Певца Пиров я с музой подружил
И славой их горжусь в вознагражденье.

Эпиграфы к «Арапу Петра Великого» и гл. VII «Евгения Онегина» взяты Пушкиным из «Пиров».

Отзывы о «Пирах», вышедших в 1826 г. вместе с «Эдой», почти единодушно хвалебны. «Поэма, — писал В. Измайлов, — пленяет особенною роскошью живописи, блеском остроумия и духом веселости, смешанной с какой-то беспечностию философа или гастронома» («Литер. Музеум», 1827, стр. 3—46).

В «Сев. Пчеле» нашли, что в «Пирах» «острот и хороших стихов множество. Описание Москвы, в гастрономическом отношении, также весьма забавно...» («Сев. Пчела», 1826, 16 февраля, № 20).

Н. А. Полевой, в своей характеристике «Пиров» исходил из общей поэтической репутации Баратынского, как автора дружеских посланий и «унылого» элегика. «Видя в «Пирах» скорее «эпистолу»,

- 313 -

нежели «описательную поэму», Полевой писал: «Рассказ блестит остротою мыслей, живостью чувств... Описание московских пиров прелестно; но признаемся, что нам всего лучше кажется окончание стихов, где любимое чувство Поэта преодолевает шутливость и веселость смешивается с унынием. Вот оно: «И дни и годы пролетели» (далее «Пиры» цитируются до конца — «Моск. Телеграф», 1826, ч. VIII, стр. 75).
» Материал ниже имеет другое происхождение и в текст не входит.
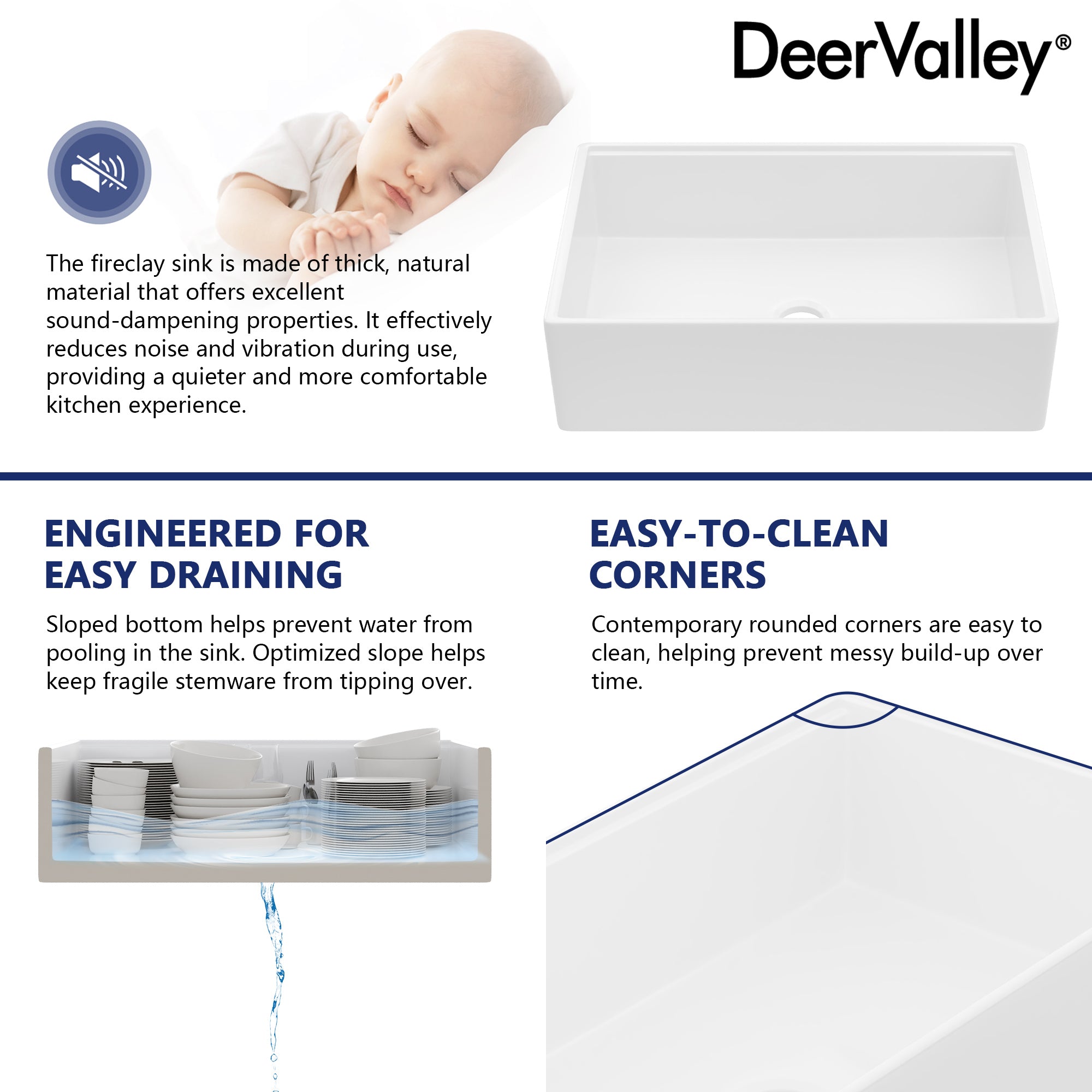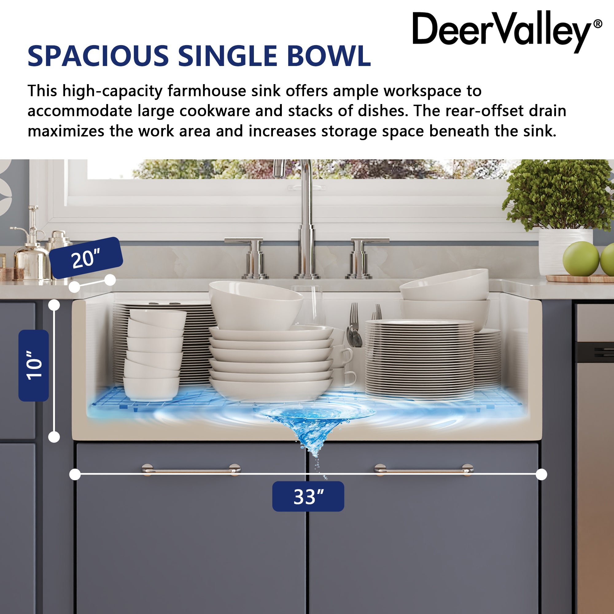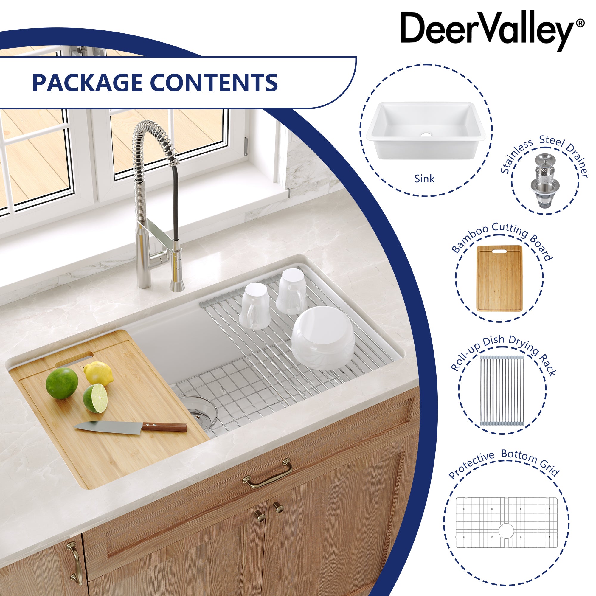 DeerValley DV-1K0161W Workstation Farmhouse Kitchen Sink Deep Single Bowl with Accessories

Подзаголовок «Описательная поэма» дает нам указание на литературную традицию «Пиров» и приводит к «гастрономической» дидактике, в частности к пародийной описательной поэме Бершу «La Gastronomie» («Гастрономия», 1801), чрезвычайно популярной в то время (см. у Пушкина в отрывке поэмы «Сон»: «Общий друг Бершу»). Этим Баратынский как бы оправдывает тему, подчеркивая еще раз (см. предисловие к «Пирам») ее шуточное осмысление. Однако «Пиры» не являются чистым образцом «описательной поэмы», если за тип этой поэмы принять поэму Бершу, являющуюся литературной пародией поэмы Делиля.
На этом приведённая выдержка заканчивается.